**Information provided**.

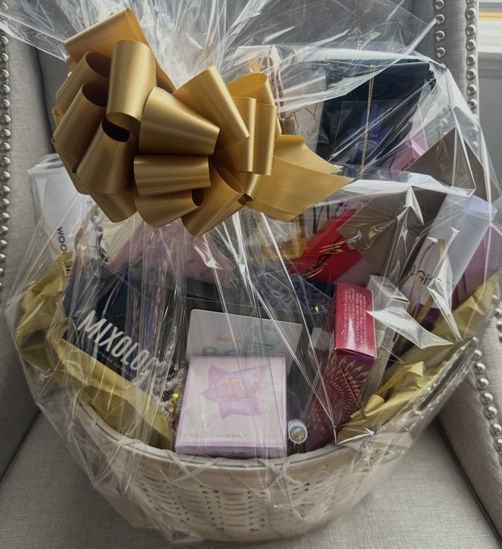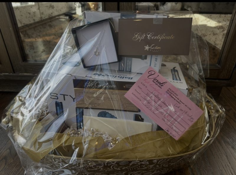 $100 Mixology GC, $50 Chick-fil-A Huntington GC, Rodan & Fields Hair Straightener, $50 BiancoLatte GC, $25 Just Salad GC, $50 Veroli Nail Spa GC, $20 Fly Me to the Moon GC, $30 Dot Cakes GC, $25 Dough & Co. GC, $25 Family Bagel GC, 1 necklace from Alef Bet jewelers, assorted makeup and fragrances
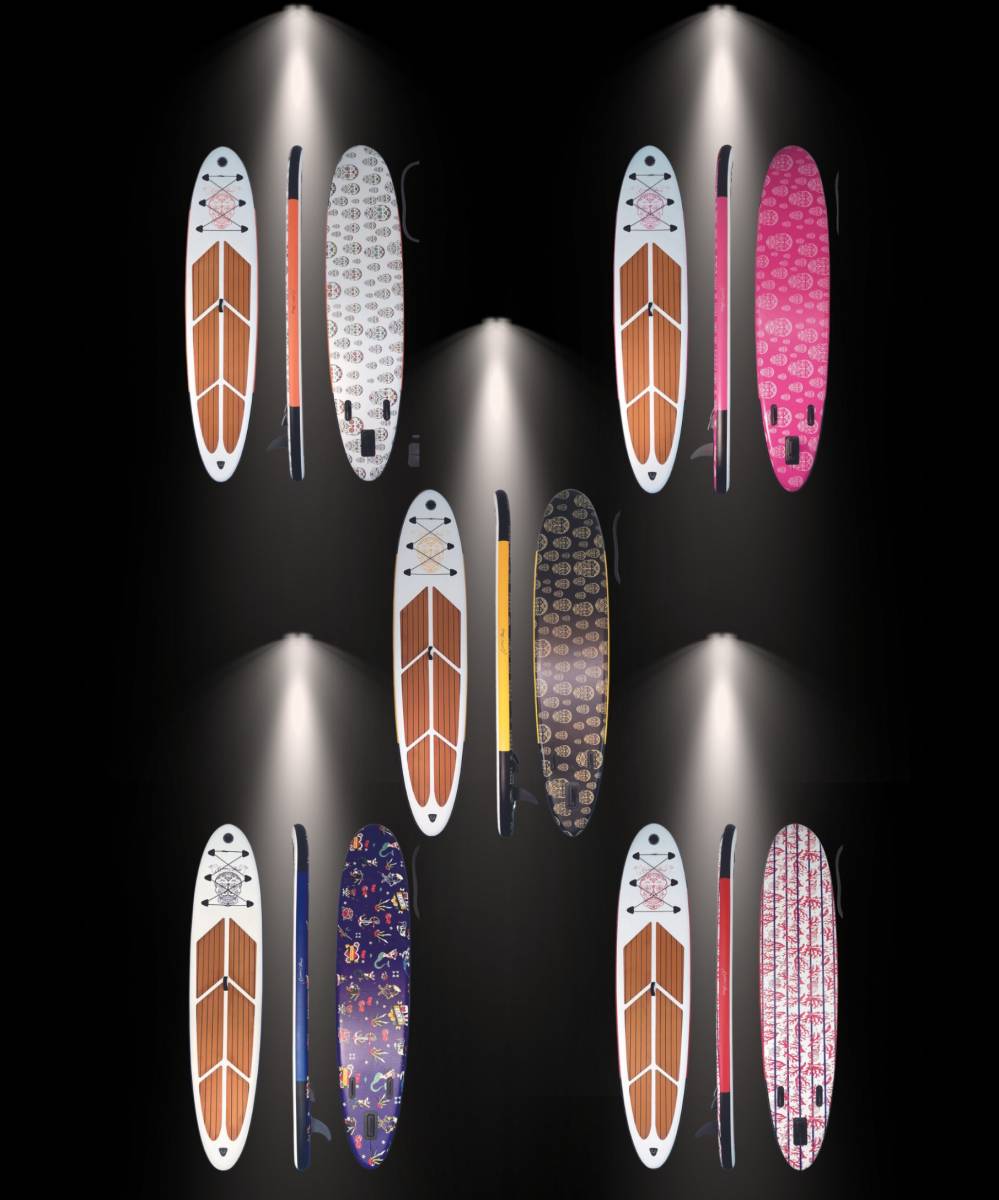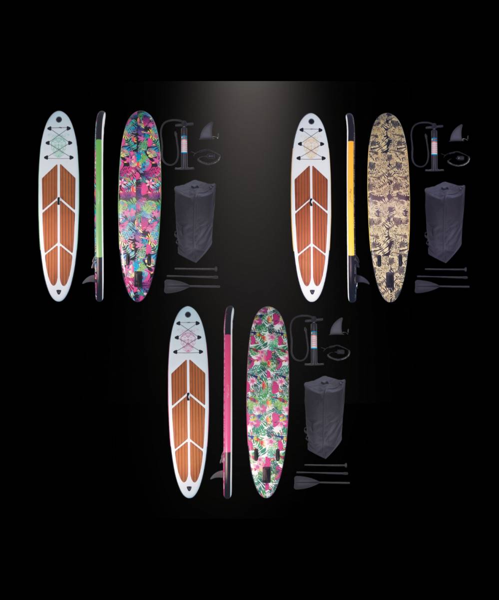 Paddle robuste technologie Drop Stitch et toile de semi-rigide extrêmement maniable et sécurisant. taille 366cm de long sur 84cm de large sur 15 cm d'épaisseur charge max 180 kg 8 motifs différents aux choix
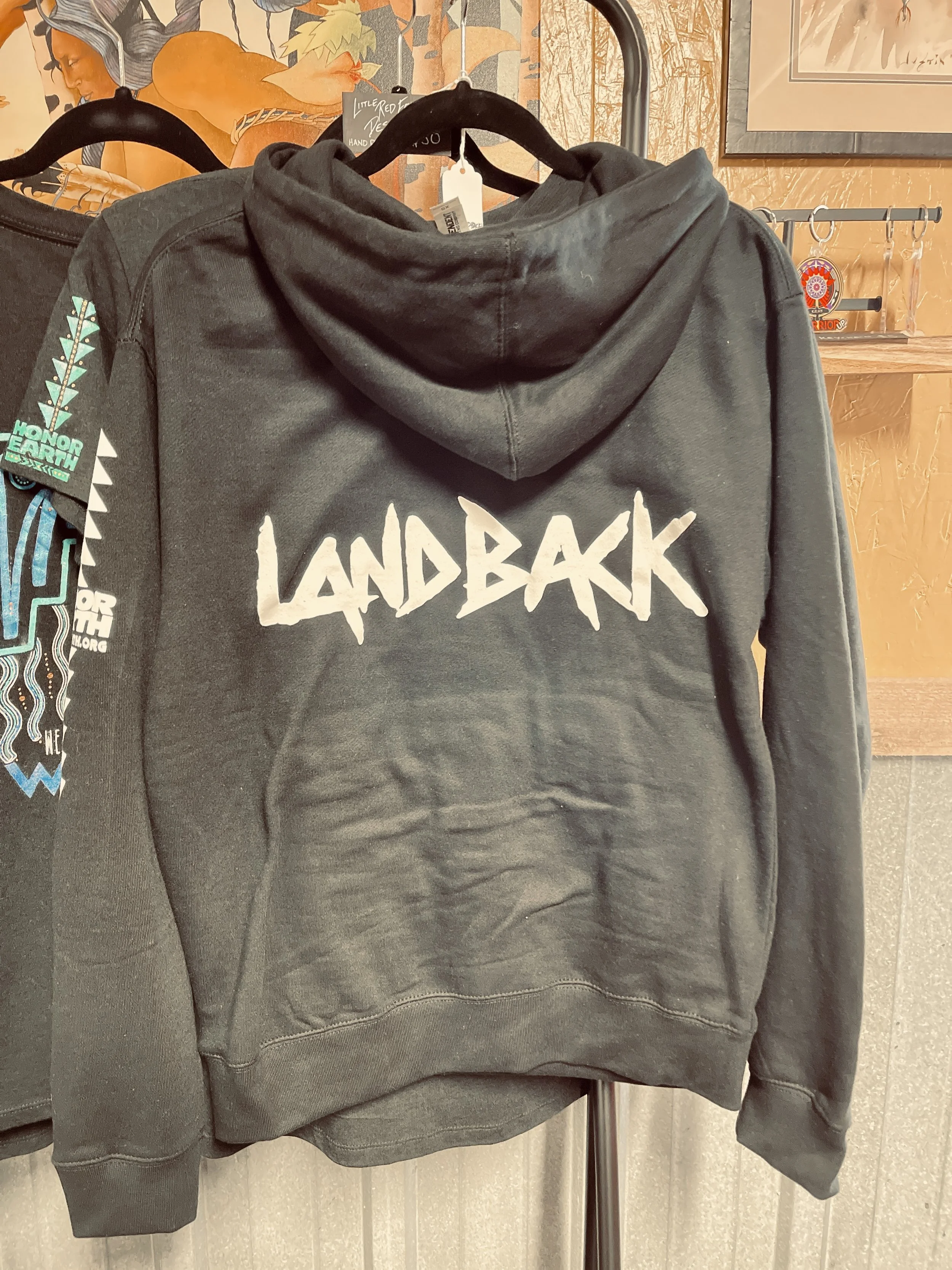 Land Back Heavyweight Hooded Sweatshirt is a generous fit with fleece lined hood and 80/20 cotton/polyester blend 3-end fleece with 100% cotton face.
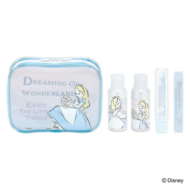 トラベルセット アリス ( ディズニー 歯ブラシ 化粧水 乳液 ボトル ブラシ 携帯用 ポーチ 携帯用トラベルセット 歯ブラシ付き トラベルキット ケース付き ポーチ付き トラベル セット )

**What you should do**.
In your copy, restate the data above word for word but leave out any picture.

**Reply to the exercise**.
 $100 Mixology GC, $50 Chick-fil-A Huntington GC, Rodan & Fields Hair Straightener, $50 BiancoLatte GC, $25 Just Salad GC, $50 Veroli Nail Spa GC, $20 Fly Me to the Moon GC, $30 Dot Cakes GC, $25 Dough & Co. GC, $25 Family Bagel GC, 1 necklace from Alef Bet jewelers, assorted makeup and fragrances
 Paddle robuste technologie Drop Stitch et toile de semi-rigide extrêmement maniable et sécurisant. taille 366cm de long sur 84cm de large sur 15 cm d'épaisseur charge max 180 kg 8 motifs différents aux choix
 Land Back Heavyweight Hooded Sweatshirt is a generous fit with fleece lined hood and 80/20 cotton/polyester blend 3-end fleece with 100% cotton face.
 トラベルセット アリス ( ディズニー 歯ブラシ 化粧水 乳液 ボトル ブラシ 携帯用 ポーチ 携帯用トラベルセット 歯ブラシ付き トラベルキット ケース付き ポーチ付き トラベル セット )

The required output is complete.